Oltre alla cocaina CPP, che è descritto qui, la microiniezione di rAAV-Cre nel cervello di topi floxed per valutare il ruolo di specifici geni può essere applicato ubiquitariamente a paradigmi comportamentali che coinvolgono fasi distinte, tra cui l'auto-amministrazione e psicomotorio sensibilizzazione. Ad esempio, il nostro laboratorio ha utilizzato la tecnologia rAAV-Cre per studiare il ruolo del Ca v 1.2 di tipo L Ca 2 + canali in cocaina psicomotorio sensibilizzazione 14. In particolare, rAAV-Cre stato microiniettato nel nucleo accumbens (NAc) di topi con il gene che codifica Ca v 1.2 floxed, per dimostrare che Ca v 14,15. Tuttavia, la strategia rAAV-Cre non può essere utilizzato se non esistono topi con un gene floxed di interesse, come era la nostra esperienza nel valutare il ruolo del Ca v 1.3 di tipo L Ca 2 + canali di sensibilizzazione psicomotoria. Quindi, una limitazione di utilizzo rAAV-Cre si presenta se non esistono topi condizionali per un particolare gene di interesse. Tuttavia, rAAVs che esprimono siRNA può essere utilizzato per geni bersaglio atterramento, come abbiamo fatto per esaminare il ruolo del Ca V 1.3 canali 14,15.

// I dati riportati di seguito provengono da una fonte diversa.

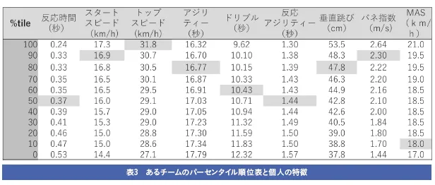 表3は、ある大学のサッカーチーム(33名)の1回の測定結果をもとにして作成したパーセンタイル順位表の例です。
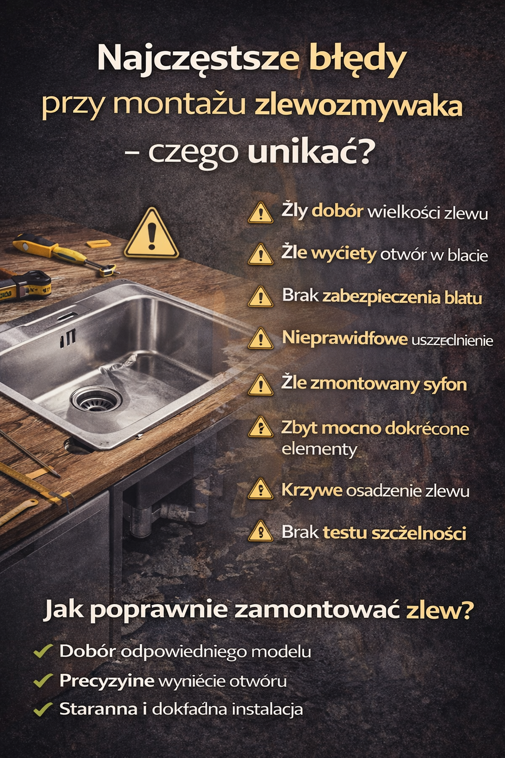 Montaż zlewozmywaka wydaje się prostą czynnością, ale w praktyce właśnie na tym etapie pojawia się wiele problemów. Niewłaściwie wycięty otwór w blacie, źle dobrany syfon, brak odpowiedniego uszczelnienia lub zbyt mocne dociągnięcie elementów montażowych mogą prowadzić do nieszczelności, uszkodzeń blatu albo skrócenia żywotności samego zlewu.
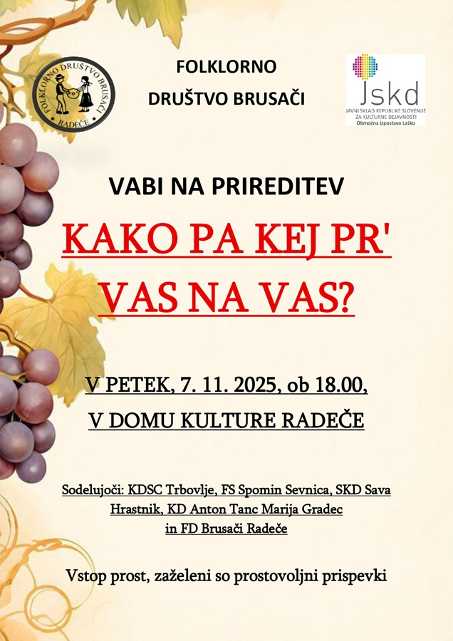 Dragi prijatelji folklore, plesa in domače pesmi! Jesen je čas, ko se narava umiri, ko zadiši po domačem in ko se v naših krajih spet zaslišijo plesni koraki, petje in zvoki harmonike. Tudi letos vam z velikim veseljem sporočamo, da Folklorno društvo Brusači Radeče pripravlja svojo tradicionalno jesensko prireditev z naslovom »Kako pa kaj pr' vas na vas'«.
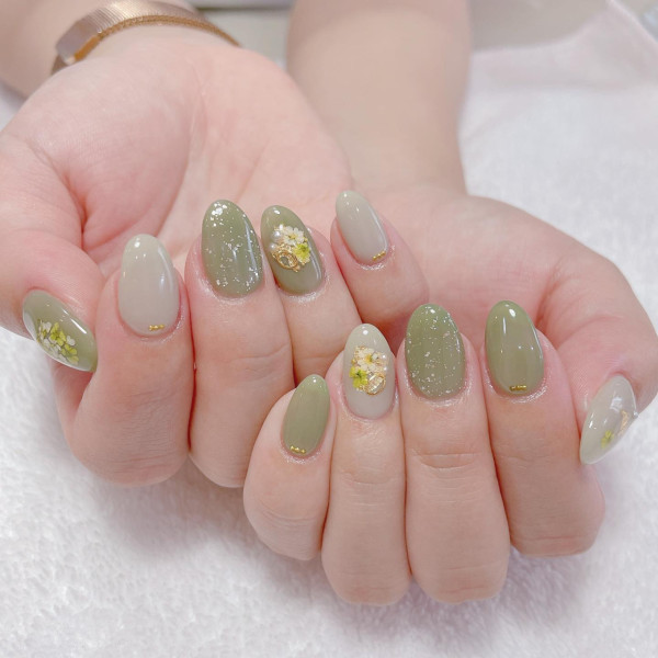 2026美甲款式推薦|18. 乾花美甲款式
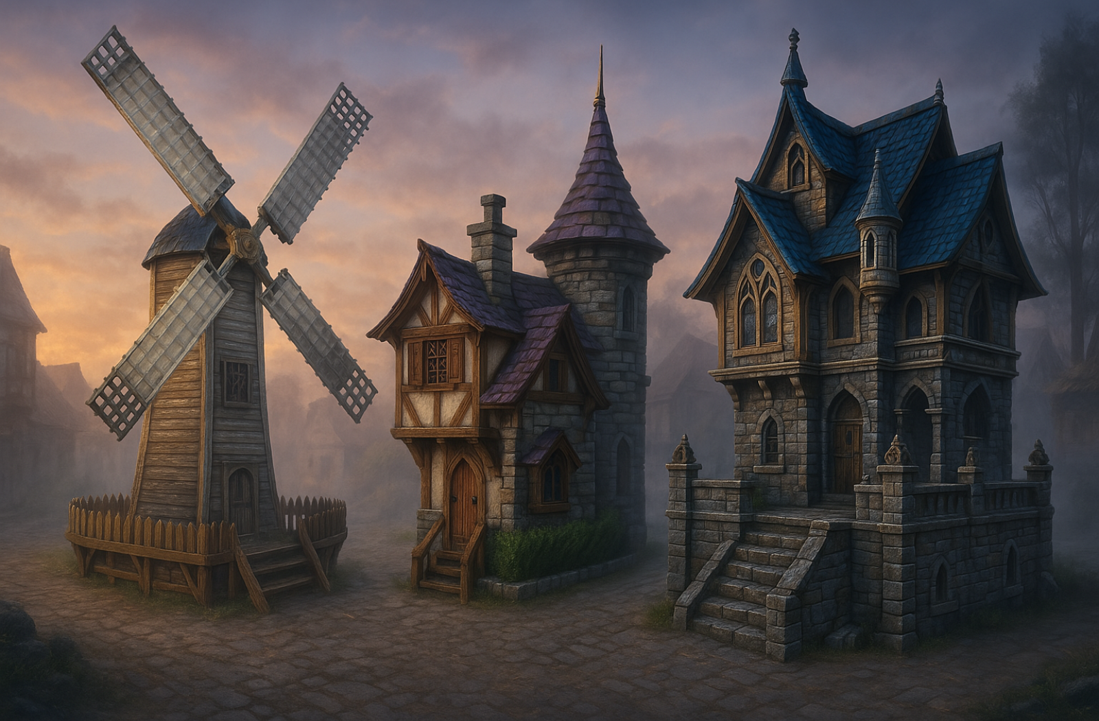 Ob im 28–32 mm Maßstab oder darüber hinaus: Unsere Ruinen, Türme, Brücken und Würfeltürme bringen Atmosphäre, Deckung und taktische Möglichkeiten an deinen Spieltisch.
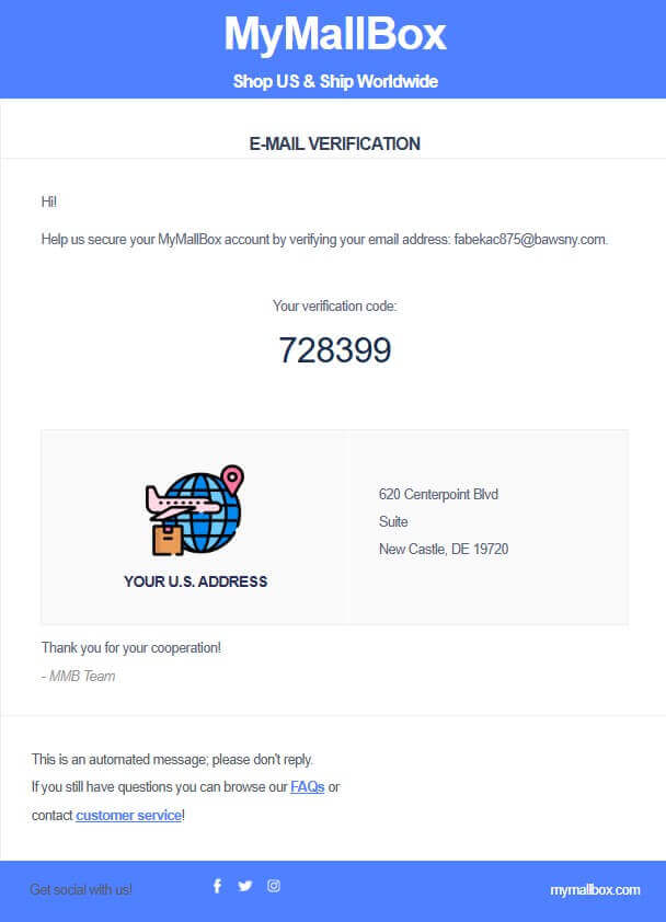 Upon successful completion of these steps, your account will be instantly activated, and your assigned U.S. address will be immediately available for use.
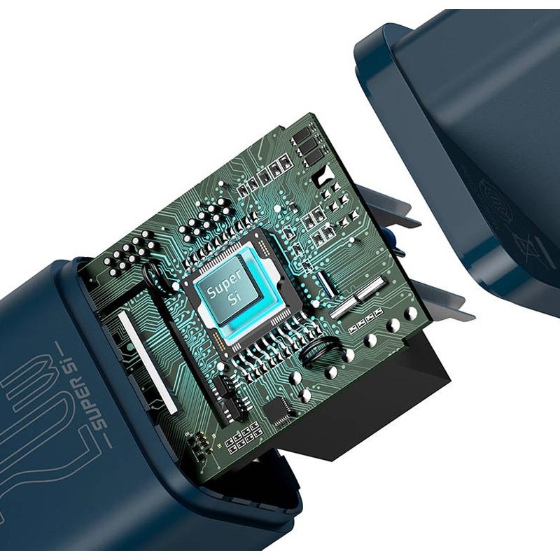Baseus-laderen justerer automatisk strømverdien i henhold til typen enheter som får strøm for å sikre optimal ladehastighet og beskytte dem mot skader. Enheten har også en spesiell beskyttelse mot blant annet overbelastning, kortslutning og overoppheting. Huset i ABS-plast bidrar til en mer effektiv varmefordeling, noe som beskytter deg mot brannskader og forhindrer skader på laderen.
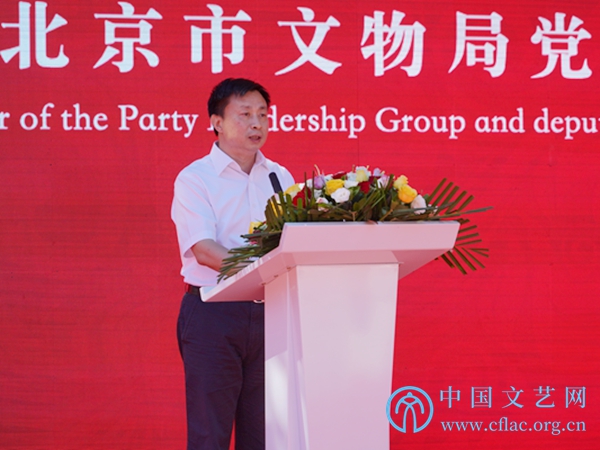 图为北京市文物局副局长白杰致辞,希望首都非遗及老字号文化对人的浸润从场馆内延伸到祖国各地,助力北京“博物馆之城”建设和全国文化中心发展。
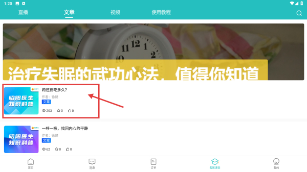 2、在名医课堂页面,点击文章分类标签,切换到科普文章列表。
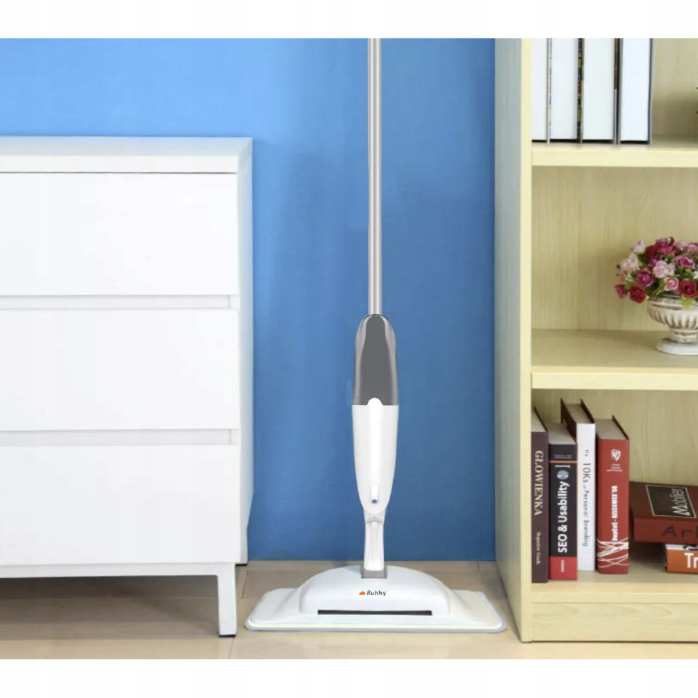 • SPRAY FUNKCIÓ  – egy víz- és mosószeres tartállyal ellátott tartály megkönnyíti az erős szennyeződések tisztítását. Ennek a felmosónak az az előnye, hogy nem kell időnként egy vödör vizet mozgatnia – a permetezővel ellátott felmosó biztosítja a gyors és kényelmes mosást. Csak használja a permetezőt a padló nedvesítéséhez. A 300 ml-es tartály könnyen megbirkózik egy nagy helyiség mosásával.
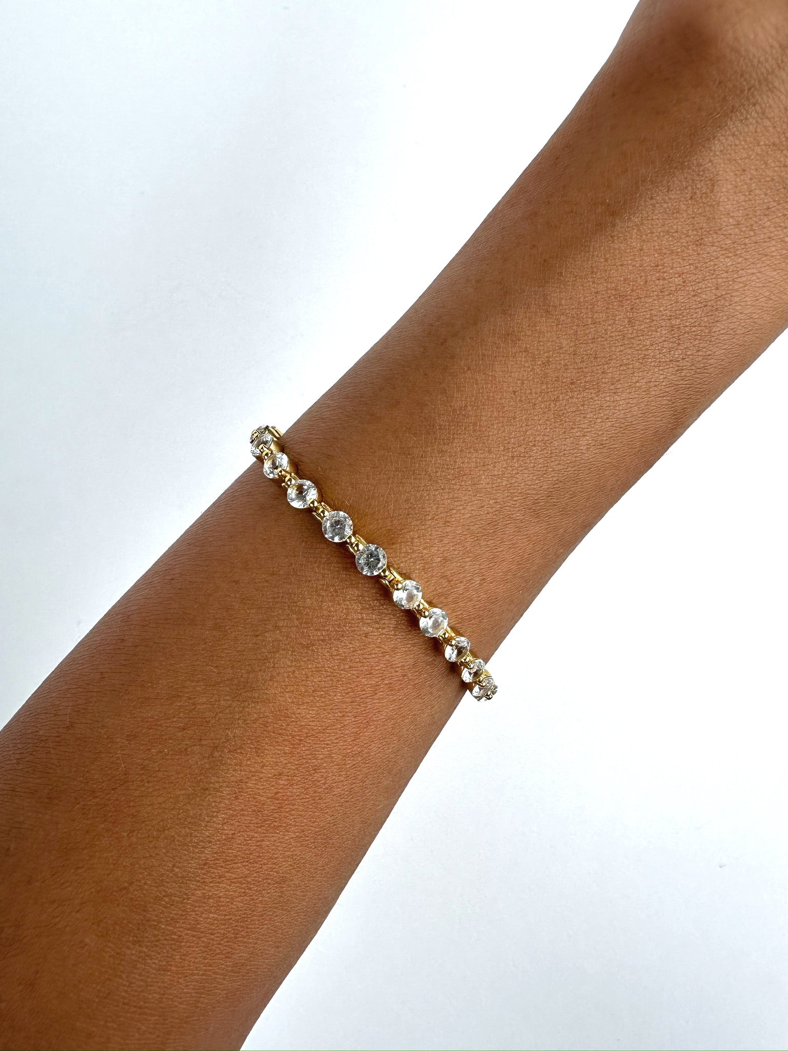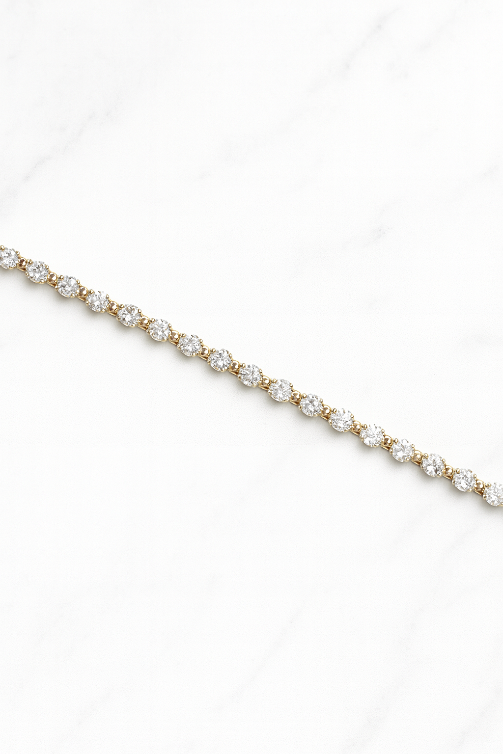 Introducing our Addison Two-Prong Tennis Bracelet, a fresh take on the classic tennis bracelet with a distinctive twist. Featuring lab-grown white sapphires set in an innovative design, this bracelet is available in both sterling silver and sterling silver gold-plated finishes. It's the perfect addition to mix and match with other metals or to enhance your everyday stack.

Microinjecting rAAV-Cre in regioni cerebrali discrete di topi floxed e poi testarle nel paradigma CPP permette di indagine i geni specifici che mediano le varie fasi del comportamento di dipendenza, come e dove operano. L'utilizzo di questo paradigma ha aiutato nella nostra comprensione di come la somministrazione ripetuta di cocaina in sostanza dirotta il brains circuito ricompensa causando cambiamenti adattativi nel molecolari di trasduzione del segnale e l'espressione genica che portano allo stato di tossicodipendente 1,16,17.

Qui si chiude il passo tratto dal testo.